Train that burned wasn’t up to code

Deputy fire inspector: Carriages from before ’06 must be made safe.

Israel train fire 311 (photo credit: Reuters)
Israel train fire 311
(photo credit: Reuters)
The Israel Railways train involved in a fire on Tuesday that burned through three carriages and left dozens of passengers injured by smoke inhalation did not at all measure up to safety standards put into place in Israel in 2006, The Jerusalem Post has learned.
Chaim Tamam, deputy chief inspector of the Fire and Rescue Services, told the Post on Wednesday that a number of regulations called for under Fire Safety Code 5435 were not adhered to in the train, putting the lives of the passengers in danger.
“Code 5435 deals with all the safety aspects of a train in case of fire, including how the exits, engines and stations should operate. For instance, under this code, trains must be sealed so that smoke can’t go from one carriage to another.
“In case of fire, passengers must be able to open the doors to exit [the train] and the emergency lights must come on so people can see.
None of these worked [in Tuesday’s fire].
“What we can say is that this train does not meet the requirements of Code 5435.”
Tamam said the code also deals with the materials used for the interior of railway carriages, which must be nonflammable.
“We can’t have a situation of train carriages burning like torches, where a small mishap like someone dropping a cigarette could cause a train to burst into flames,” he said.
Tamam said that the fire, which did not cause any deaths, shows that trains dating from before 2006 or others in which the requirements of Code 5435 were never implemented must immediately be brought up to the required standard out of “a responsibility to their passengers.”
On Tuesday, Israel Railways CEO Yitzhak Harel said it was too early to say why the emergency systems didn’t open the carriages’ doors.
“There is a system that is supposed to open the doors automatically in case of a fire, and we do not know why it malfunctioned,” he said. All the doors could be opened by an emergency handle, Harel stressed, but the passengers, in their rush and panic, did not manage to open them.

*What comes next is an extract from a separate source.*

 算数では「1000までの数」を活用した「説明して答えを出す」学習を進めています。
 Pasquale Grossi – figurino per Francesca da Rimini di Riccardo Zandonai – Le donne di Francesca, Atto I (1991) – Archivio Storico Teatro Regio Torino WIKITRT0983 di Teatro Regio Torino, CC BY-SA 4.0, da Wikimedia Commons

Tuesday’s fire broke out on a train traveling south from Nahariya. The driver did not know there was a fire on board and the train continued on its way until a security guard activated the emergency brakes and the train came to a stop near Yakum, 10 kilometers south of Netanya.
Yitzhak Shilan, Netanya fire chief and a member of the investigation committee probing the cause of the blaze, said the committee had yet to definitively determine what caused the fire.

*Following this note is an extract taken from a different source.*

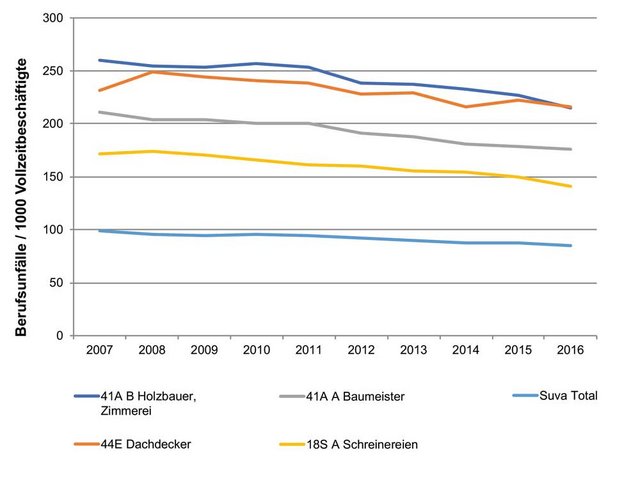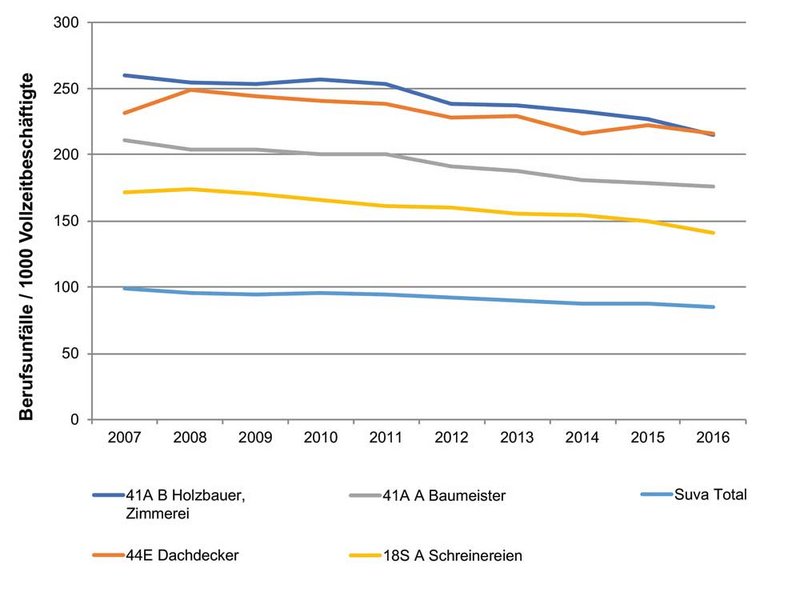 In Holzbaubetrieben ereigneten sich im letzten Jahr 3505 Berufsunfälle. Das sind 160 weniger als 2015. Damit sank das Berufsunfallrisiko auf 215 Unfälle pro 1000 Vollbeschäftigte und die Suva-Basisprämienansätze in der Klasse 41A B0 bleiben dank dieser Verbesserung unverändert.

“One of the first conclusions we came to is that some diesel fuel dripped out of an engine and caught fire, though we still aren’t completely sure what caused the fire,” Shilan said on Wednesday morning.
That conclusion is supported by investigative teams’ discovery of traces of diesel fuel along 2 kilometers of train track – fuel that could very well have been ignited by sparks generated by the train’s wheels.